Effects of aurora kinases inhibition on BDNF protein production
Assuming that inhibition of aurora kinases would cause a decrease in BDNF protein levels, we verified the effective inhibition of BDNF protein expression using an anti-BDNF specific monoclonal antibody to visualize the protein by immunofluorescence, and an anti-actin antibody to visualize cell boundaries. BDNF protein was clearly detected as bright fluorescent spots inside neuroblastoma cells (Fig. 4A, BDNF in green, actin in red). Of note, to generate this figure and for better visual comparison, small fields containing a similar number of cells were selected, while the general appearance of the cultures is shown in Fig. 3 and assessment of spot number was achieved with a stereological unbiased procedure carried out in five different fields randomly positioned in each well. In the last row of Fig. 4A, cell boundaries identified on the basis of actin staining are outlined in red and BDNF spots are reported as black dots on a white background, this representation was used to count spots. The count of individual spots normalized for cell area, defined on the basis of actin staining, is shown in Fig. 4B expressed as number of spots per micron square (spots µm−2). In particular, under basal conditions we counted a density of 0.21±0.04 BDNF spots µm−2 (mean±s.e.m.) which remained unchanged after 6 h of treatment either with cisplatin alone or combined to PHA-680632, rising to 0.31±0.03 BDNF spots µm−2 after 24 h of treatment with cisplatin alone (P=0.039, one-way ANOVA) and up to 0.40±0.02 after treatment with both cisplatin and the aurora kinase inhibitor (P=0.004, one-way ANOVA). Notably, the mean BDNF spot area did not change upon treatments with respect to untreated control (Fig. 4C). In conclusion, this analysis revealed a clear enrichment of BDNF spots in surviving neuroblastoma cells after 24 h of combined treatment with cisplatin and PHA-680632. Thus, the 22% of neuroblastoma cells remaining in the culture after the combined cisplatin+PHA-680632 treatment showed a paradoxical increase in BDNF.

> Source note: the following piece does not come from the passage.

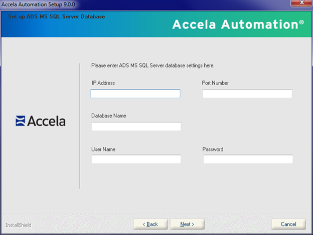 Note:If using MS SQL 2005 you can enter IP\instance name for the IP address field.

To investigate the contribution of individual transcripts to BDNF increase we used the luciferase translation assay and found that while the cisplatin-dependent increase in translation from exons 1, 2c and 4 was completely suppressed at both 6 and 24 h by combined treatment with PHA-680632, translation from exon 6 showed a strong increase of about sixfold at 24 h (but not 6 h) of treatment (***P<0.001, one-way ANOVA; see Fig. 4D); again, the 3′UTR long sequence alone did not affect translation under cisplatin+PHA-680632 treatment. SYBR-green qRT-PCR experiments showed that cisplatin treatment alone or in combination with PHA-680632 did not significantly affect the levels of firefly luciferase mRNA expressed by the four constructs and normalized by the mRNA levels of Renilla luciferase used as transfection control (Fig. 4E). The experiments described above demonstrated that cisplatin-induced translation of BDNF exons 1, 2c and 4 requires active aurora kinase, however, the paradoxical increase of BDNF exon 6 translation poses the question if aurora kinase in also involved in regulating this transcript or not. Hence, we tested the role of aurora kinase when BDNF translation is induced with a non-cytotoxic stimulus, consisting in a general mild depolarization obtained with high potassium solution (20 mM KCl). Neuroblastoma cells were treated for 3 h with KCl 20 mM alone or in the presence of PHA-680632 aurora-kinases inhibitor, or 50 nM GF 109203X a selective inhibitor of protein kinase C (PKC) which does not regulate BDNF translation in neuroblastoma cells (Heikkila et al., 1993). High KCl induced an almost 300% increase in exon-6-3′UTR long luciferase activity (**P=0.006, one-way ANOVA) which was not affected by the GF 109203X (PKC-inhibitor; *P=0.011, one-way ANOVA) and was completely abolished by PHA-680632 aurora-kinases inhibitor (P=0.796 one-way ANOVA; Fig. 4F). Taken together, these results demonstrate that, in response to a physiological stimulus consisting in cell depolarization, BDNF exon 6-containing transcripts are translated using a mechanism which requires aurora kinase, but in the presence of a cytotoxic stimulus, translation of these transcripts is driven by an aurora kinase-independent mechanism.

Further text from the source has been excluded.